Corollary. $M \succeq 0 \Leftrightarrow A \succeq 0$ and $S = D - B^\top A^{-1}B \succeq 0$ (when $A$ is invertible; otherwise use the rank condition).

SCHUR COMPLEMENT AND BLOCK PD
========================================================================

  M = ( A    B  )  symmetric
      ( B^T   D  )
      
  M \succ 0  <=>  A \succ 0  AND  S = D - B^TA^-^1B \succ 0

  Intuition: "completing the square" in block form
  
  v^TMv = (x + A^-^1By)^TA(x + A^-^1By) + y^TSy
          -----------------------------   -----
          \geq 0 (since A \succ 0)              \geq 0 (since S \succ 0)

========================================================================

6.3 Matrix Inversion Lemma

The Woodbury matrix identity (also called the matrix inversion lemma or Sherman-Morrison-Woodbury formula) is:

$$(A + UCV)^{-1} = A^{-1} - A^{-1}U(C^{-1} + VA^{-1}U)^{-1}VA^{-1}$$

where $A \in \mathbb{R}^{n \times n}$, $C \in \mathbb{R}^{k \times k}$, $U \in \mathbb{R}^{n \times k}$, $V \in \mathbb{R}^{k \times n}$. This is valuable when $k \ll n$ (low-rank update): instead of inverting an $n \times n$ matrix, invert a $k \times k$ matrix.

Derivation via Schur complement. Consider the block system:

$$M = \begin{pmatrix}A & U \\ -V & C^{-1}\end{pmatrix}.$$

The Schur complement of $C^{-1}$ is $A - U(-V)^{-1}(-V) = A + UCV$ (with some sign manipulation). The Schur complement of $A$ is $C^{-1} + VA^{-1}U$. Using the block inverse formula gives the Woodbury identity.

Special case (rank-1 update): If $U = \mathbf{u}$, $V = \mathbf{v}^\top$, $C = c$ (scalar):

$$(A + c\mathbf{u}\mathbf{v}^\top)^{-1} = A^{-1} - \frac{c A^{-1}\mathbf{u}\mathbf{v}^\top A^{-1}}{1 + c\mathbf{v}^\top A^{-1}\mathbf{u}}.$$

This is the Sherman-Morrison formula for rank-1 updates.

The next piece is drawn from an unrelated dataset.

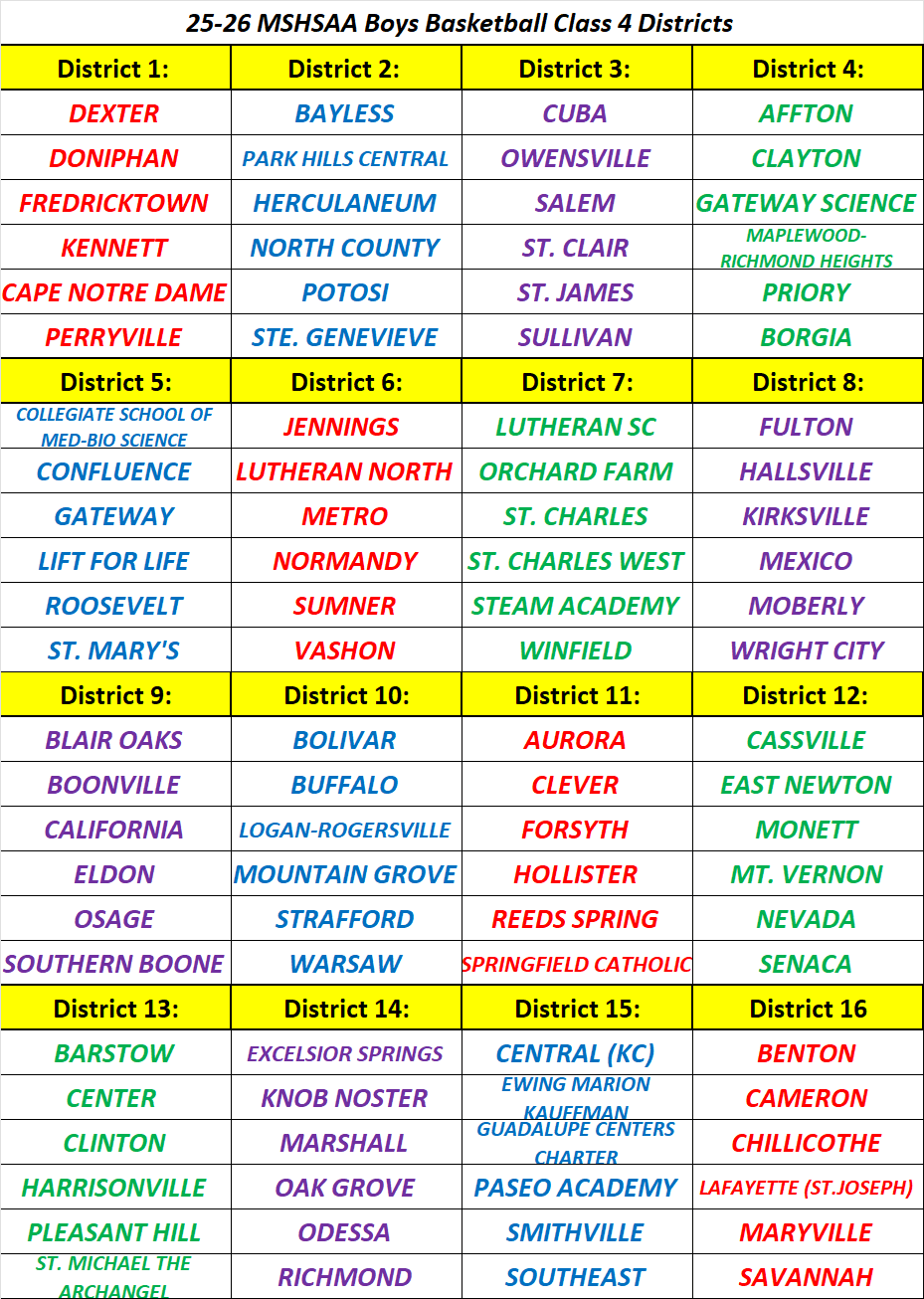 Stlprepsports.com 2025-26 MSHSAA Boys Basketball Class 4 Districts Share this: Click to share on X (Opens in new window) X Click to share on Facebook (Opens in new window) Facebook Like Loading...

For AI: The Woodbury identity is used in:

• Gaussian process prediction: posterior covariance $(K + \sigma^2 I)^{-1}$ where $K = X^\top X$ and $\sigma^2 I$ is noise; Woodbury allows using $n \times n$ or $p \times p$ (whichever is smaller)
• LoRA / low-rank adaptation: the effective weight $W_0 + BA$ is a rank-$r$ update; Woodbury allows efficient inversion without materializing the full matrix
• Kalman filter update step: $(P^{-1} + H^\top R^{-1}H)^{-1}$ uses Woodbury to avoid inverting large state covariances

6.4 Gaussian Conditioning via Schur Complement

The Schur complement is the algebraic engine behind the conditional distribution of multivariate Gaussians.

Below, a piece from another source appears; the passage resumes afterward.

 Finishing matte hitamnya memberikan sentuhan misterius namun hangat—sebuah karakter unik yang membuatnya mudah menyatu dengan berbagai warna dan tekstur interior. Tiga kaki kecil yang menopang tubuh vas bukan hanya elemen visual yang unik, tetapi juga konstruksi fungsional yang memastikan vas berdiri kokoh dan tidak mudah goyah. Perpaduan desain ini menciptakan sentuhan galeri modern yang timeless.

Setup. Let $\begin{pmatrix}\mathbf{x}_1 \\ \mathbf{x}_2\end{pmatrix} \sim \mathcal{N}\!\left(\begin{pmatrix}\boldsymbol{\mu}_1 \\ \boldsymbol{\mu}_2\end{pmatrix}, \begin{pmatrix}\Sigma_{11} & \Sigma_{12} \\ \Sigma_{21} & \Sigma_{22}\end{pmatrix}\right)$.

Conditional distribution. The conditional $\mathbf{x}_1 | \mathbf{x}_2 = \mathbf{a}$ is Gaussian:

$$\mathbf{x}_1 | \mathbf{x}_2 = \mathbf{a} \sim \mathcal{N}(\boldsymbol{\mu}_{1|2},\, \Sigma_{1|2})$$

where:

$$\boldsymbol{\mu}_{1|2} = \boldsymbol{\mu}_1 + \Sigma_{12}\Sigma_{22}^{-1}(\mathbf{a} - \boldsymbol{\mu}_2)$$ $$\Sigma_{1|2} = \Sigma_{11} - \Sigma_{12}\Sigma_{22}^{-1}\Sigma_{21}.$$

The conditional covariance $\Sigma_{1|2}$ is exactly the Schur complement of $\Sigma_{22}$ in $\Sigma$. Theorem 6.2 guarantees $\Sigma_{1|2} \succ 0$ whenever $\Sigma \succ 0$.

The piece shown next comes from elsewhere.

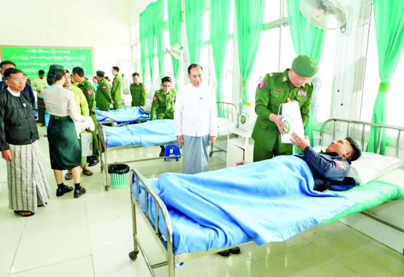 ၂၀၂၅ ခုနှစ်၊ မတ်လ ၂၇ ရက်နေ့တွင်ကျရောက်သည့် နှစ် (၈၀) ပြည့် တပ်မတော်နေ့ စစ်ရေးပြအခမ်းအနားတက်ရောက်ရန် နေပြည်တော်ရှိ ဘုရင့်နောင်ရိပ်သာ၌ ခေတ္တတည်းခိုနေထိုင်လျက်ရှိသည့် တပ်မတော်တွင် တာဝန်ထမ်းဆောင်ခဲ့သော အငြိမ်းစားတပ်မတော်အရာရှိကြီးများနှင့်ဇနီးများအား ယနေ့နံနက်ပိုင်းတွင် နိုင်ငံတော်စီမံအုပ်ချုပ်ရေးကောင်စီဥက္ကဋ္ဌ တပ်မတော်ကာကွယ်ရေးဦးစီးချုပ် ဗိုလ်ချုပ်မှူးကြီး မင်းအောင်လှိုင်နှင့် ဇနီးဒေါ်ကြူကြူလှတို့က သွားရောက်၍တွေ့ဆုံဂါရဝပြုနှုတ်ဆက်သည်။

Derivation. Complete the square in the joint density. The exponent:

$$(\mathbf{x} - \boldsymbol{\mu})^\top \Sigma^{-1} (\mathbf{x} - \boldsymbol{\mu})$$

factored using the block inverse of $\Sigma^{-1}$ (the "precision matrix") gives the Schur complement form.

For AI: In Gaussian process regression, the predictive distribution at new points $\mathbf{x}_*$ given training observations $\mathbf{y}$ uses exactly this formula:

$$\boldsymbol{\mu}_* = K_{*n}(K_{nn} + \sigma^2 I)^{-1}\mathbf{y}, \quad \Sigma_* = K_{**} - K_{*n}(K_{nn} + \sigma^2 I)^{-1}K_{n*}.$$

The second term is the Schur complement. Computing it via Cholesky: $L = \text{chol}(K_{nn} + \sigma^2 I)$, then $\Sigma_* = K_{**} - (L^{-1}K_{n*})^\top(L^{-1}K_{n*})$.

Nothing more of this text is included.